In een wereld die wordt bevolkt door Disney’s 3D-geanimeerde films – Frozen 2 op weg in november, samen met het nieuwste Pixar-aanbod dat in 2020 naar de bioscoop gaat, en natuurlijk de “live-action” Lion King van deze week – grijpt de gnoe-scène terug naar een tijd waarin films meestal werden gemaakt via handgetekende animatie, en computergraphics dienden om een 2D-wereld te verbeteren, en probeerden erin te passen in plaats van het over te nemen.
“We bevonden ons nog steeds in een vrijwel 2D-geanimeerde wereld, met uitzondering van de stampede,” zegt Fullmer, eraan toevoegend, “wat geen slechte zaak is.
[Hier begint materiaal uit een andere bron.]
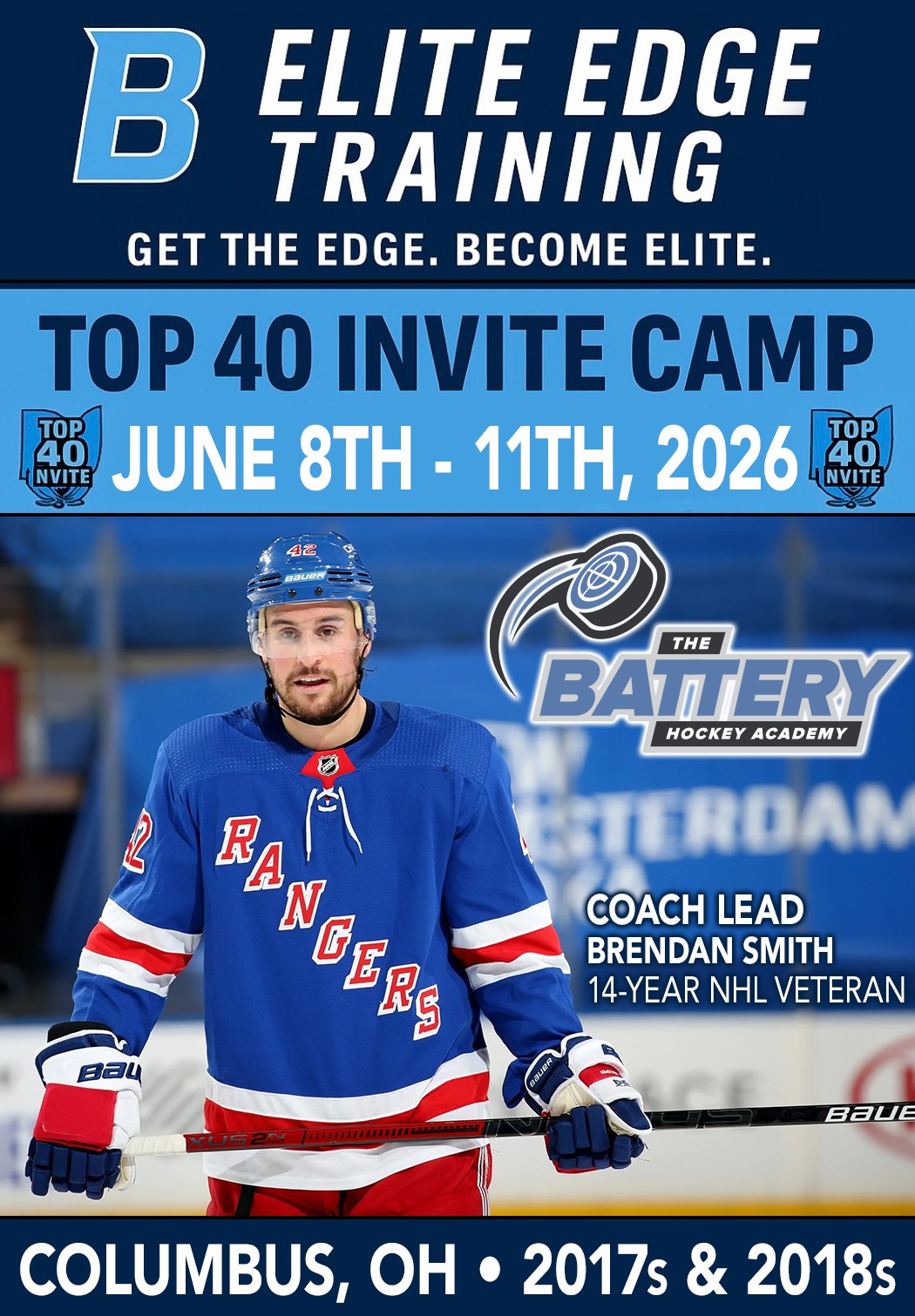 Brendan Smith (14-year NHL veteran) has created an event called the Top 40 Invite that will take place on June 8th - 11th in Columbus. This is an invite only event for the Top 40 2018s in the Mid-West (Ohio/MI/PA) area. Each day will consist of a 2-hour skate and an hour off-ice session. The on-ice session will be an hour skills session, 6 rotating stations with skill specific drills. The second hour will be a 4 team cross ice game. The off-ice portion will have guest speakers, training sessions, and breakout education sessions.

Ik hou van het uiterlijk ervan. Er was een zoete kwaliteit over animatie die een beetje verloren is gegaan.”
Het stof in The Lion King kwam aanwaaien tijdens een overgangsperiode, toen Disney en andere ontluikende animatiestudio’s computer graphics omarmden en integreerden. Een jaar na The Lion King debuteerde Pixar met zijn eerste CG-geanimeerde film, Toy Story. Vierentwintig jaar later zou Disney een Lion King remake produceren die volledig in fotorealistische CG-animatie werd uitgevoerd. Het stof van The Pride Lands – en het drama waarop het neerdwarrelde – was een sleutelmoment in de moderne animatiegeschiedenis. Wat misschien de moeite waard is om toe te voegen aan de Disney Wiki pagina.